Let's look at the 3-year chart. Definitely turning the corner after a 3-year downtrend. Dividend cut helped. Telcos are boring and defensive, lower beta. So they'll weather the upcoming corrective storm of 1-3 months. Doesn't mind nibbling here, but during weakness he'd be putting $$ to work in the more cyclical areas of the market.
The plan is OK. Lots of moving parts. The turnaround from overpaying the dividend is there. Looking forward, dividend's probably safe; can probably start growing it again 3-4 years from now when the fibre play starts to pay off. Fibre is a big move to the future; if it works, it'll be spectacular.
CRTC decision today to allow competitors to use BCE's fibre footprint will reduce profits, as the access price will be regulated. Hopefully the regulated price will at least cover the costs. Also takes away the oligopoly aspect.
It's time to step back into telcos. Dividends are sustainable. He owns all 3 Canadian telcos. Share prices have bottomed, and he expects margin improvement. Costs have been slashed. Is partially optimistic, because shares have been so beaten down, and yet the industry isn't going anywhere. There will be some growth going forward. Is bullish on telcos. BCE's strategy in the US (buying a US company) will generate reasonable value. Telus is the faster grower and has made good moves outside telecoms to create value. Rogers is more of a question mark, including their sports holding, but is worth a ton of money (the value of sports teams is huge).
He fully understands the plan, which is to sell covered calls and then get called away as part of a tax-loss strategy. He's not an accountant, so can't give tax advice.
Some people sell a stock, and then sell an in-the-money put or a cash-covered put to maintain some exposure to that stock. Just make sure you're not re-acquiring the stock within 30 days (or the tax loss won't count).
He quoted from a technical analyst: "Nothing good happens below the 200 day moving average". Its dividend is 5.7% and the payout ratio is 45%. Earnings are expected to be down this year and the next.
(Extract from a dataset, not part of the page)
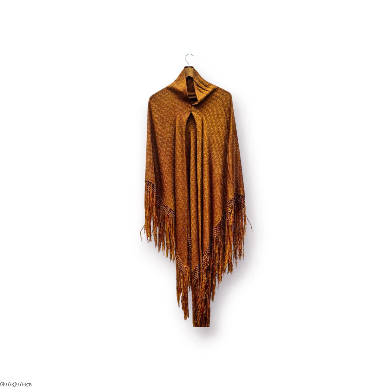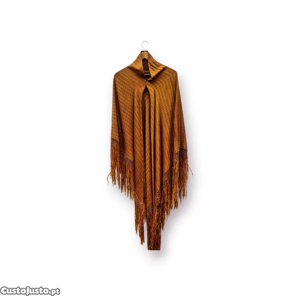 Este xaile de padrão entrelaçado apresenta uma combinação acolhedora de tons castanhos e alaranjados com detalhes rosa, além de longas franjas trabalhadas que conferem charme e autenticidade. Apesar de apresentar algumas manchas e sinais de desgaste (visíveis nas fotos), continua a ser uma peça cheia de estilo, ideal para quem aprecia vestuário com história ou procura um acessório boho para os dias frescos. Xaile com franjas decorativas Tons castanho, laranja e rosa entrançados Tecido leve, confortável e envolvente Ideal para estilo boho ou tradicional Com sinais de uso (manchas e fios soltos) Medidas aproximadas: 155 x 155 cm Nota: Apresenta algumas manchas escuras e pequenas imperfeições no tecido (ver fotos em detalhe).

In general telcos are in a very competitive business and have very high debt to equity. They have some unused or little used assets. There are better risk adjusted returns elsewhere.
This pick was before the sale of MLSE to Rogers and before the acquisition of Ziply. The yield was 10%, over the worst of fibre capex, and lower interest rates would help. She figured it had so many assets, that any of them could be sold to fix the balance sheet and alleviate investor concerns.
She still owns it, buying more around $30. Eventually, asset sales can help. In a recession, defensive plays are a positive trend for telcos.
Whole telecom space has been challenged, partly because of increased competition. No outlets to grow outside Canada. Profitability will be flat for some time. People own these names for the income. Rogers' purchase of Shaw gives it an edge on cost-cutting. Telus is the best operator. Rogers has the lowest dividend yield of the group.
Steer clear of the space. Even with an income stock you do want some growth, as it helps offset valuation risk elsewhere in the business.